Trening stabilizacyjny po skręceniu stawu skokowego

Trening stabilizacyjny po skręceniu stawu skokowego

Skręcenia stawu skokowego są jednym z najczęstszych urazów, które dotykają sportowców, ale równie często zdarzają się w życiu codziennym. Niestety często są bagatelizowane i zaniedbywane, co prowokuje negatywne konsekwencje. Nieleczone skręcenie stawu skokowego może być przyczyną przewlekłej niestabilności objawiającej się silnymi dolegliwościami bólowymi.

Anatomia stawu skokowego

W obrębie stawu skokowego wyróżnić można:

  • Staw skokowy górny nazywany także stawem skokowo-goleniowym. Jest to miejsce, które przenosi obciążenie całego ciała na stopę. Staw jednoosiowy bloczkowy, w którym możliwe jest wykonywanie ruchów zgięcia grzbietowego oraz zgięcia podeszwowego. Powierzchnie stawowe utworzone są przez bloczek kości skokowej (główka stawowa) oraz przez wklęsłe powierzchnie obu kostek (przyśrodkowa i boczna) kości piszczelowej i strzałkowej, a także przez powierzchnię dolną kości piszczelowej. Obie kości podudzia obejmują bloczek skokowy, tworząc pewnego rodzaju klamry zapewniające stabilizację.
  • Staw skokowy dolny nazywany także stawem skokowo-piętowo-łódkowatym, łączy ze sobą kości skokową, piętową i łódkowatą. Staw można podzielić na część tylną (staw skokowo-piętowy) oraz część przednią (staw skokowo-piętowo-łódkowaty). Czynnościowo stawy te tworzą jedną strukturę. Każda z kości posiada powierzchnie stawowe do połączeń z innymi kośćmi:
  • Kość skokowa – tworzy 3 powierzchnie stawowe piętowe (przednia, tylna, środkowa) oraz powierzchnie stawową głowy kości skokowej

    Kość piętowa- tworzy 3 powierzchnie stawowe piętowe (tylna, środkowa, przednia)

    Kość łódkowata – tworzy wklęsłą powierzchnię stawową dla głowy kości skokowej. W obrębie stawu wykonywane są ruchy nawracania (pronacji) i odwracania (supinacji).
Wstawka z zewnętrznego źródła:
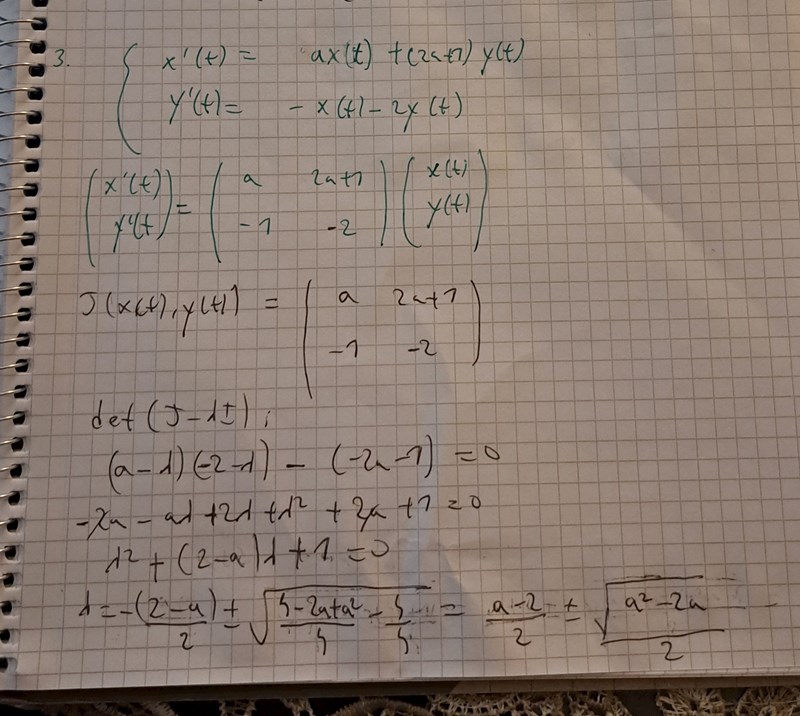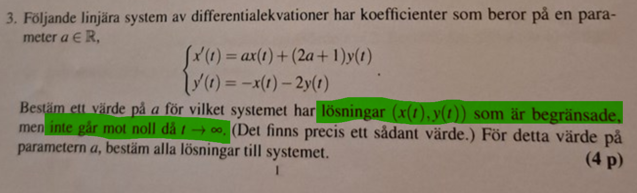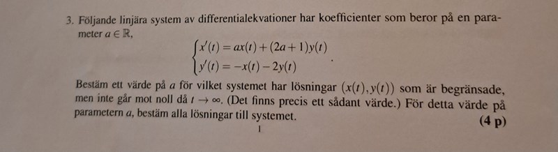 Jag började med att hitta egenvärden för att bestämma lösningar till linjära system, men hur ska man hitta det här parameter a ? Jag tänker om systemet ska ha lösningar som är begränsad och ej går mot 0 , måste de anges med sin och cos vilket enbart kan ske om rottecknet <=0. Men lösningarna ska väl ha en realdel och en imaginär del.

  • W obrębie połączenia obu kości goleni wyróżnia się także błonę międzykostną goleni, która przymocowana jest do brzegów międzykostnych obu kości, a także więzozrost piszczelowo-strzałkowy. Więzozrost znajduje się pomiędzy końcami dalszymi kości i stanowi przedłużenie błony. Wzmocniony jest przez więzadła piszczelowo-strzałkowe przednie i tylne. Więzozrost piszczelowo-strzałkowy posiada minimalną ruchomość, którą wymusza przemieszczający się podczas zgięcia grzbietowego stopy, bloczek kości skokowej. Zachodzący ruch objawia się przesunięciem bocznym kostki kości strzałkowej (bocznej).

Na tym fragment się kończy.